Monday, July 16, 2012

Say Yes to the Drug


Growing up,  I was what the literature calls a 'non-adherent' or 'non-compliant' patient.  Rather than take my medications as prescribed, I often shared the wealth with the trash can and toilet.  One night, with my parents away and family friends babysitting, I issued a challenge.  Like that of a wary princess assessing her suitors, mine was simple:  I’d take a spoonful of medicine for every new Bible story they could muster.  My babysitters took the challenge with confidence.  They were, after all, seminarians—one formerly trained as a writer, the other a lawyer—and  I was just 6 years old.  “Have you heard the one?” they asked again and again.  Unfortunately for them, I knew all of Elisha’s miracles and Moses’ plagues from my parents, Sunday School and countless Super Book videos.  And those that I didn’t know—Dinah’s revenge, Hosea's family, Jeremiah's laments?  They realized that those were stories they weren’t ready to tell a 6-year-old.   That night, I went to bed victorious and un-medicated.

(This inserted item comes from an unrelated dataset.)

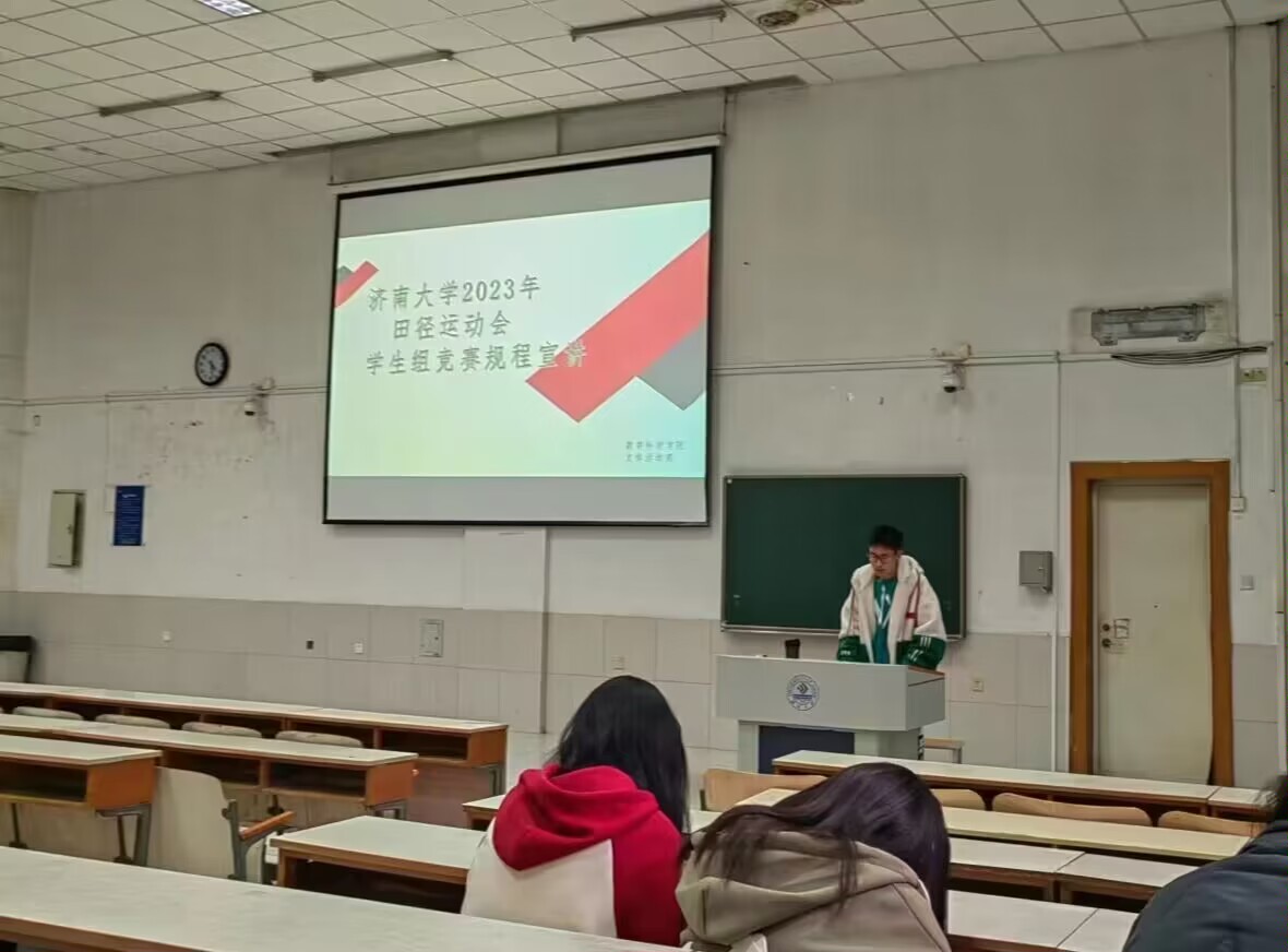 在宣讲会上,文体部部长为大家介绍了有关运动会的报名和比赛流程。运动会的比赛项目主要分为田赛和径赛,其中,各项比赛均按成绩录取前八名。除此之外,运动会还设有青春活力大学生健身操表演赛。由学院选出一支20人的代表队,表演同学身着统一服装,双手持花球,参加运动会开幕式大型学生啦啦操表演,最后按照成绩在运动会闭幕式时对健身操比赛团体颁奖。接着,宣讲人详细介绍了比赛的奖项荣誉及各加分事项,进一步激发了同学们争取个人成就和学院荣誉的斗志。另外,宣讲人还结合社会、国家等多方面因素向同学们一一阐释了运动会的重要价值。体育运动,是学校培养德、智、体、美全面发展一代新人不可缺少的重要内容。现代体育运动的意义早已超出了强身健体的范畴,更重要的是可以培养强烈的爱国主义情感、集体主义精神和自强不息、坚韧不拔的意志,可以增强民族自信心和自豪感、振奋民族精神。最后,部长向同学们介绍了运动会的具体报名方式,强调了报名时间截至4月15日中午12点,并且欢迎同学们扫描二维码,进入群聊,向对应的负责人报名。

Non-adherence was not a particularly serious medical issue for me as an individual.  I got better and did not get anyone else sick.  But multiply non-adherence across all the other children, adults, and seniors who skip much more important medications for many other reasons-- not just because they don't like swallowing strange pills, but because of cost, forgetfulness, and lack of understanding-- and non-adherence becomes a public health problem.

Roughly half of all Americans who have had heart attacks do not take their medications as prescribed even though the evidence for the lifesaving potential of those drugs have long been proven.  Medication non-adherence means that the many health benefits of drugs that medical science has advanced cannot be realized.  It means that some patients who could've gotten better get sicker instead and their care gets more expensive for everyone, even you and me.  Put another way, medication adherence is one of those rare win-win-win medical issues where doing better benefits patients, insurers, and doctors (not to mention policy and drug makers).  An oft cited and sobering figure puts the annual cost of medication non-adherence in the US at $300 billion.  The number is far from perfect  and likely a gross overestimate (even the author acknowledges its limitations).  But it provides an easy and rough idea of just how big this issue is on both personal and population levels.  

This blog is  in its early days and I’m still laying down groundwork.  Stick with me through this and in the coming posts, you'll see a variety of neat health policy solutions to this very big problem.

Policy Implication: Non-adherence is a costly problem, in both health and expenditures,  for just about everyone involved.